Horizontal Scaling of Workers
Because agent jobs run through a queue, adding capacity is usually a matter of running more worker containers. Keep the worker process stateless with respect to job data — all state should live in the database or memory store, not in the worker’s local memory — so any worker can pick up any job.
Rate Limiting Against the Model Provider
Model APIs enforce rate limits per account or API key. As you scale worker count, make sure your queue consumer respects these limits (backoff and retry) rather than assuming unlimited throughput. This is a frequent source of production incidents when teams build applications with AI agents and scale workers faster than they adjust for upstream API limits.
For general container orchestration references outside the AI-specific tooling, the Docker documentation and Kubernetes documentation both remain the authoritative sources for scaling patterns, health checks, and resource limits that apply equally to agent workers as to any other containerized service.
Recommended: Ready to put this into practice? DigitalOcean is a tool we use for exactly this, and we have a real, disclosed affiliate relationship with them.
FAQ
Do I need a specialized agent framework to build applications with AI agents?
No. A framework can speed up development, but the core loop — call the model, parse its intended action, execute a tool, feed the result back — can be implemented directly against a model provider’s API. Start simple and adopt a framework only if it solves a concrete problem you’ve already hit.
How do I prevent an agent from taking unintended destructive actions?
Restrict the tool layer to the minimum permissions required, add explicit confirmation steps for high-risk actions, and log every tool call so you can audit behavior after the fact. Treat the agent’s tool access the same way you’d treat any external caller’s API permissions.

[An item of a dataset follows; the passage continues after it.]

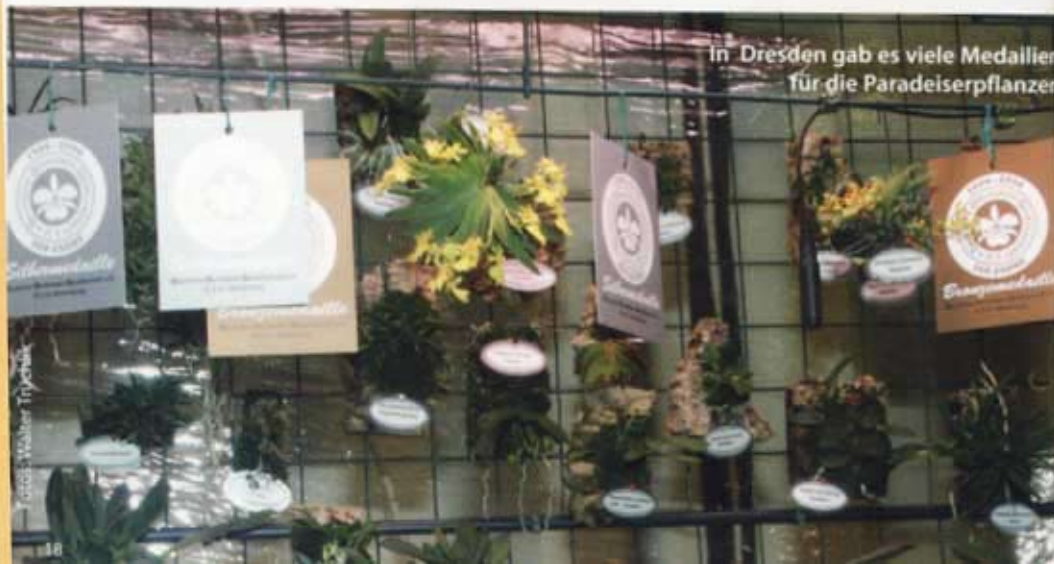
In Dresden gab es viele Medaillen für die Paradeiserpflanzen

Should agent workers run on the same VPS as my main application?
For small workloads, yes — a single Compose stack with separate services is fine. As agent traffic grows, especially if it involves longer-running jobs or heavier API usage, separating the agent worker onto its own instance or service makes it easier to scale and monitor independently.
How is building an application with AI agents different from just calling an LLM API in my backend?
A simple LLM API call is a single request/response with no autonomy over subsequent steps. When you build applications with AI agents, the system itself decides which actions to take, in what order, and can loop or retry based on intermediate results — which requires the orchestration, tool, and observability layers described above.
Conclusion
Teams that build applications with AI agents successfully tend to treat the agent loop as just another service in their stack — containerized, queued, logged, and rate-limited like anything else — rather than as a mysterious black box bolted onto the side of an existing application. Start with a single-agent design, define a narrow and well-tested tool layer, log the full reasoning trace, and scale workers using the same container-orchestration patterns you already trust for other production services. The pattern is new, but the operational discipline it requires is not.